OCAtari: Object-Centric Atari 2600 Reinforcement Learning Environments
- URL: http://arxiv.org/abs/2306.08649v2
- Date: Tue, 27 Feb 2024 17:34:43 GMT
- Title: OCAtari: Object-Centric Atari 2600 Reinforcement Learning Environments
- Authors: Quentin Delfosse, Jannis Bl\"uml, Bjarne Gregori, Sebastian
Sztwiertnia, Kristian Kersting
- Abstract summary: We extend the Atari Learning Environments, the most-used evaluation framework for deep RL approaches, by introducing OCAtari.
Our framework allows for object discovery, object representation learning, as well as object-centric RL.

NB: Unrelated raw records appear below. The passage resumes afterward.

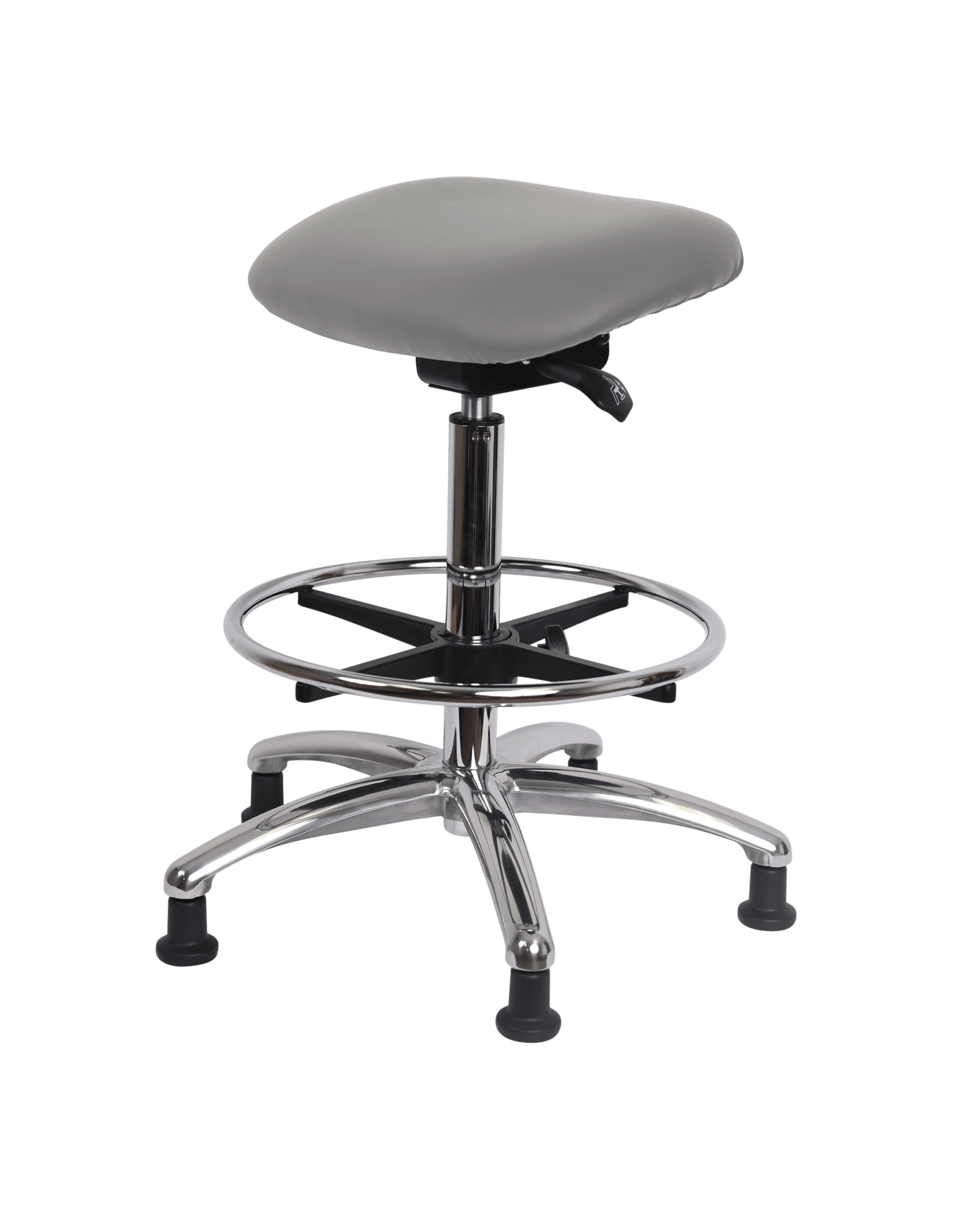 Description : Class 100 Vinyl Clean Room Sit-Stand in Chrome is adjustable from 21-31 inches from the top of the seat to the floor and features ergonomic adjustments including seat height and locking seat tilt, adjustable chrome foot ring, and cast-aluminum base with stationary, non-marring glides suitable for hard floors in Dove Trailblazer vinyl.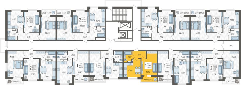 1-комнатная — 32,95 м² 14/16 эт. в Смородина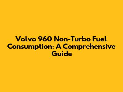 Volvo 960 Non-Turbo Fuel Consumption: A Comprehensive Guide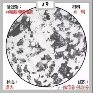 3、45钢-退火-F+P,白色晶粒为F,黑色块状为片状P。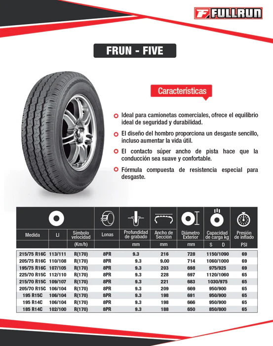 In summary, the FULLRUN Frun Five 195R15C– 8PR offers durability, reliability, and performance tailored to the specific needs of vans and commercial vehicles. It’s an excellent choice for businesses and drivers seeking long-lasting tires capable of withstanding the rigors of daily use while delivering consistent and dependable performance.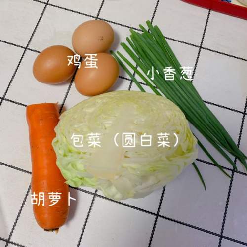 - 1‼️参考用量‼️包菜1/2个 胡萝卜1/3根 鸡蛋4个 很大很厚实的一张饼哦 三个大人吃 有富余 ~请列位宝宝按照自家环境和个人爱好 ~ 自行调解用量和比例 ~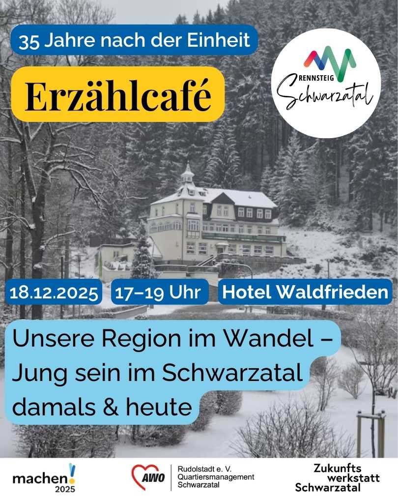 Im Erzählcafé sprechen wir darüber, wie sich das Schwarzatal verändert hat: Wie war es, hier jung zu sein – damals? Und wie ist es heute? Welche Chancen, Brüche, Aufbrüche und Gefühle verbinden wir mit der Region?
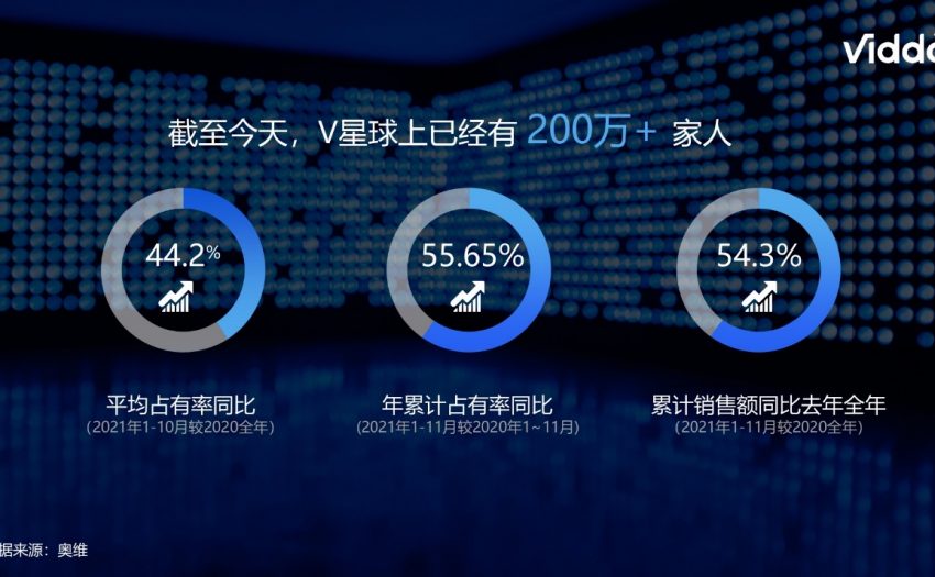 Vidda首席品牌官朱書琴通過(guò)最新的動(dòng)作捕捉技術(shù)現(xiàn)身元宇宙發(fā)布會(huì),她透露目前Vidda電視的銷量已經(jīng)超過(guò)200萬(wàn),8-11月銷量占有率同比增長(zhǎng)127.2%,銷售額占比同比增長(zhǎng)118.4%;1-11月年累計(jì)占有率同比提升55.65%。雙11期間,周期零售額同比增長(zhǎng)157%,零售量同比增長(zhǎng)137.1%,而在雙11后的一個(gè)周,市占率突破至7.16%,同比提升比例達(dá)88%,成為今年彩電市場(chǎng)增長(zhǎng)最快的品牌之一。根據(jù)奧維最新數(shù)據(jù)顯示,Vidda在今年8-11月銷量占有率同比增長(zhǎng)127.2%,銷售額占有率同比增長(zhǎng)118.4%。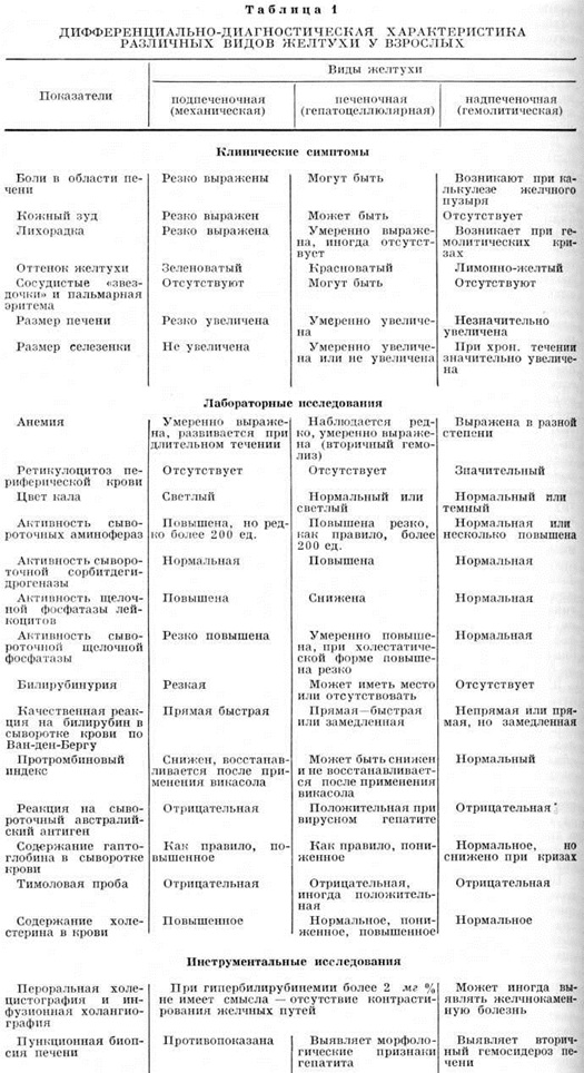 Печёночная желтуха (паренхиматозная)Происхождение этого вида Желтуха связано с инфекционным (вирусный гепатит) и токсическим поражением печени (отравления химический веществами, непереносимость лекарств и так далее). Печёночная Желтуха наблюдается также при циррозах печени, некоторых паразитарных заболеваниях, острых и хронический инфекциях и другие К печёночным Желтуха относят также некоторые особые формы поражения печени, например, холангиолитические (холестатические) гепатиты. Разнообразные расстройства образования и выделения билирубина обусловлены возникновением сообщений между желчными путями, кровеносными и лимф, сосудами, повреждением стенки мелких желчных ходов и образованием тромбов, создающих внутрипечёночные препятствия прохождению желчи, чему способствует также воспалительный отёк перипортальных пространств. При печёночной Желтуха (цветной таблица, ст. 176, рисунок 2) желтушность лимонного или красноватого оттенка; в сыворотке крови повышается содержание связанного билирубина до 20 миллиграмм% и выше. В моче появляется билирубин и желчные кислоты ещё до видимой Желтуха, а затем их количество нарастает. Полное обесцвечивание кала наблюдается редко. С самого начала заболевания, помимо пигментной, нарушаются и другие функции печени. Наиболее типичным клинический, проявлением печёночной Желтуха является Желтуха при болезни Боткина (смотри полный свод знаний Гепатит вирусный). Дифференциальный диагноз при Желтуха любой гепатобилиарной патологии представляет значительные трудности и складывается из следующих основных этапов: 1) установление симптома Желтуха с исключением псевдо-желтухи; 2) определение патогенетического варианта Желтуха (гемолитическая, печёночная, подпечёночная) на основе совокупности данных клинический, и лабораторно-инструментального обследования больного; 3) установление нозологический диагноза с его обоснованием и решением вопроса о консервативном или хирургическом лечении. Практически важно дифференцировать основные патогенетические варианты Желтуха Важнейшие дифференциально-диагностические признаки приведены в таблице 1. ЛечениеС расширением знаний патогенеза различных типов Желтуха стало возможным во многих случаях проводить их этиологического терапию, дополняющую лечебный мероприятия, направленные на ликвидацию заболевания, симптомом которого является Желтуха Больных с Желтуха следует возможно быстрее госпитализировать с целью окончательного выяснения диагноза, создания соответствующего режима и проведения лечения. Назначают постельный режим и, как правило, дробное диетическое питание с ограничением жиров и достаточным количеством углеводов и витаминов. Учитывая склонность к кровотечениям, больным назначают витамин К, викасол, аскорбиновую к-ту, витамины группы В, внутривенное введение хлорида кальция. При тяжёлых формах Желтуха рекомендуется внутривенное введение глюкозы, иногда в сочетании с подкожными инъекциями инсулина. Полезно обильное питье, особенно минеральных вод (боржом, ессентуки № 4, № 17 и другие). Широко применяют желчегонные средства (холосас, дехолин и другие), а при наличии инфекции в желчных путях — антибиотики. В некоторых случаях производят дуоденальное зондирование (смотри полный свод знаний), что способствует отделению же

- Score: 20.034972354302788
- License: http://creativecommons.org/licenses/by/4.0/
- Abstract: Cognitive science and psychology suggest that object-centric representations
of complex scenes are a promising step towards enabling efficient abstract
reasoning from low-level perceptual features. Yet, most deep reinforcement
learning approaches only rely on pixel-based representations that do not
capture the compositional properties of natural scenes. For this, we need
environments and datasets that allow us to work and evaluate object-centric
approaches. In our work, we extend the Atari Learning Environments, the
most-used evaluation framework for deep RL approaches, by introducing OCAtari,
that performs resource-efficient extractions of the object-centric states for
these games. Our framework allows for object discovery, object representation
learning, as well as object-centric RL. We evaluate OCAtari's detection
capabilities and resource efficiency. Our source code is available at
github.com/k4ntz/OC_Atari.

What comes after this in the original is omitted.